Required action:
Once the line containing "Reiss mens grey" is found in the entries below, reproduce it and every line after it, stopping at and including the line containing "佛堂供品用品供具纯铜曼茶盘配托盘 慧宝37供修法A款曼扎盘 送彩玛瑙宝石"; reproduce nothing else, and keep each line exact.

Data records:

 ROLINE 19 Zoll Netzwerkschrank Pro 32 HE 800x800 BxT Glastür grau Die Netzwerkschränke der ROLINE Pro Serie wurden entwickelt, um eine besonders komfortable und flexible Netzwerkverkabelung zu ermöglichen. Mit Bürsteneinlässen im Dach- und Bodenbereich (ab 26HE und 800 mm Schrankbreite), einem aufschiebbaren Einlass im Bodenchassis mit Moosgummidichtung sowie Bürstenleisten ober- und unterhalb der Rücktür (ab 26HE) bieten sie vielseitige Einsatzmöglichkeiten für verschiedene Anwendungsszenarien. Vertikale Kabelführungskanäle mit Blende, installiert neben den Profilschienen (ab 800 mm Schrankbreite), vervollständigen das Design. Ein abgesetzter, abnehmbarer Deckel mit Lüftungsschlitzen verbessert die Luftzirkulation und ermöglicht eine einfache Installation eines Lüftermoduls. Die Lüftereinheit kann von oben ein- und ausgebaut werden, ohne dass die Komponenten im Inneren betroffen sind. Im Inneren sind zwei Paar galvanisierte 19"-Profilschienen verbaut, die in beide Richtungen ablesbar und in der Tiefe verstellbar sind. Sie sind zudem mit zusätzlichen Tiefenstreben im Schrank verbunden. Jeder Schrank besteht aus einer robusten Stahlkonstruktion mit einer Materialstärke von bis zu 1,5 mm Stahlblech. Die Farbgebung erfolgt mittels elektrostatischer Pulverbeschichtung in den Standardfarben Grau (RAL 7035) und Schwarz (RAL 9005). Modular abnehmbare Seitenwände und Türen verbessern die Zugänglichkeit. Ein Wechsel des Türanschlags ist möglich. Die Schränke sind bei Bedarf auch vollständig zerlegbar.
...
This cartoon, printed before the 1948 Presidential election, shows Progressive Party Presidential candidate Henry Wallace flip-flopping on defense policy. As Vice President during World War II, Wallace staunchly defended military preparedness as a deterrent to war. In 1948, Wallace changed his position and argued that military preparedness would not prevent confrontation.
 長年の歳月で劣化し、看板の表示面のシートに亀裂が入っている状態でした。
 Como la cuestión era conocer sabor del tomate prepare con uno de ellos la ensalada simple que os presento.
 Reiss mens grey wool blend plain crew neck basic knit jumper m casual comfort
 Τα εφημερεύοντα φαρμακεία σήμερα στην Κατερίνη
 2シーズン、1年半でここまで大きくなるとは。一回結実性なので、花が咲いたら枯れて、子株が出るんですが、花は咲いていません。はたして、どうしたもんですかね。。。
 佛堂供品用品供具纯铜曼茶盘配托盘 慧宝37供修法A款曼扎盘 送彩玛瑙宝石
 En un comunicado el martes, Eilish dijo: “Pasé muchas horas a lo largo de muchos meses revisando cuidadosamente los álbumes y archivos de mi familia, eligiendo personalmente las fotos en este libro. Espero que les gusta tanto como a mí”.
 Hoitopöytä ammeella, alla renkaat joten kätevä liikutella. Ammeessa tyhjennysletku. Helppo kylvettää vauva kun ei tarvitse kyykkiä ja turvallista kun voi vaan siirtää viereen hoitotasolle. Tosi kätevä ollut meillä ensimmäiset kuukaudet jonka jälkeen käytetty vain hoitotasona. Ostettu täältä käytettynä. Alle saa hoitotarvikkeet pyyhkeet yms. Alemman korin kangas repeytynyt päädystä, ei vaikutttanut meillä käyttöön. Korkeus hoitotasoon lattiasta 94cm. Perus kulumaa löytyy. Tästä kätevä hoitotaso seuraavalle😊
==
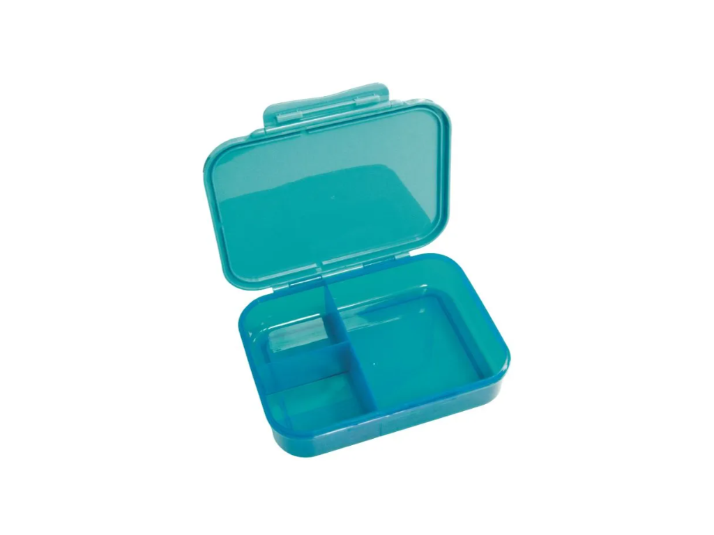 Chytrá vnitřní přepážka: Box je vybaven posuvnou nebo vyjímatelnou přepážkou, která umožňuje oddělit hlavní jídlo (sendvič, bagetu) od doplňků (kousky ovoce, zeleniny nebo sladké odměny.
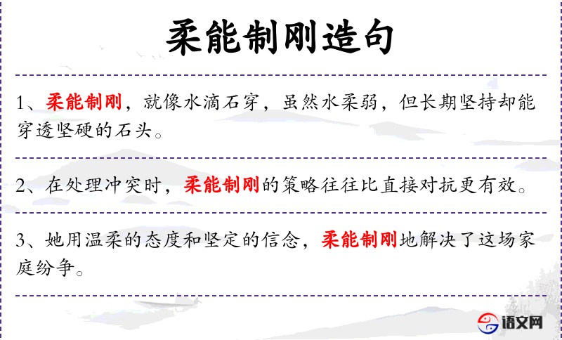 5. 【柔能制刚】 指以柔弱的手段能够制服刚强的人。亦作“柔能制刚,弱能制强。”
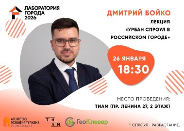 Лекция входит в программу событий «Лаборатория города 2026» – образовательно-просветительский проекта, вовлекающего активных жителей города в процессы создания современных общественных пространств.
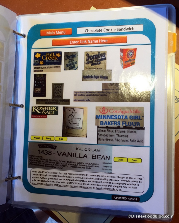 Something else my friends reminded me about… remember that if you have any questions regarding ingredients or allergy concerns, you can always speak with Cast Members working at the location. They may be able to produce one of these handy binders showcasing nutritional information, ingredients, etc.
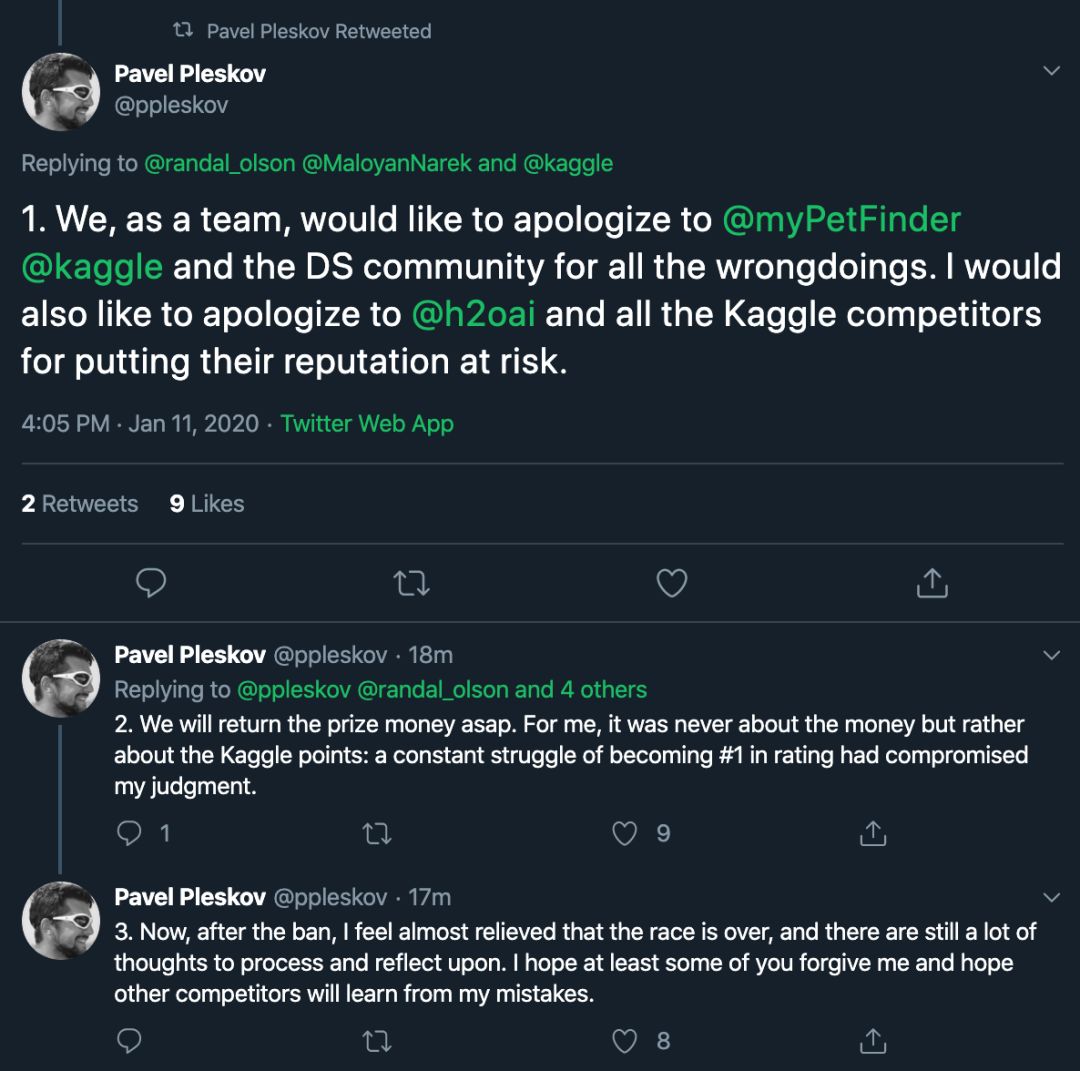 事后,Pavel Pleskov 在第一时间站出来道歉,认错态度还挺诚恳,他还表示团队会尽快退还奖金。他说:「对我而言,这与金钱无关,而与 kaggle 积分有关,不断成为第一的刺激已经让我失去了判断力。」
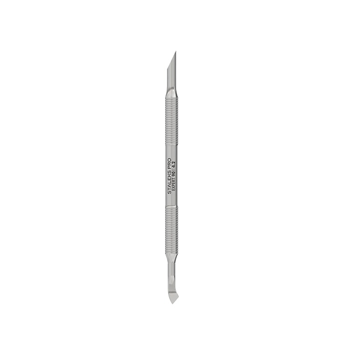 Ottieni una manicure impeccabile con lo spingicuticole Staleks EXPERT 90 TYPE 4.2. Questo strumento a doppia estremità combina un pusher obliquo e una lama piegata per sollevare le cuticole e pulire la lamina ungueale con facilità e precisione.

Answer to the exercise:
 Reiss mens grey wool blend plain crew neck basic knit jumper m casual comfort
 Τα εφημερεύοντα φαρμακεία σήμερα στην Κατερίνη
 2シーズン、1年半でここまで大きくなるとは。一回結実性なので、花が咲いたら枯れて、子株が出るんですが、花は咲いていません。はたして、どうしたもんですかね。。。
 佛堂供品用品供具纯铜曼茶盘配托盘 慧宝37供修法A款曼扎盘 送彩玛瑙宝石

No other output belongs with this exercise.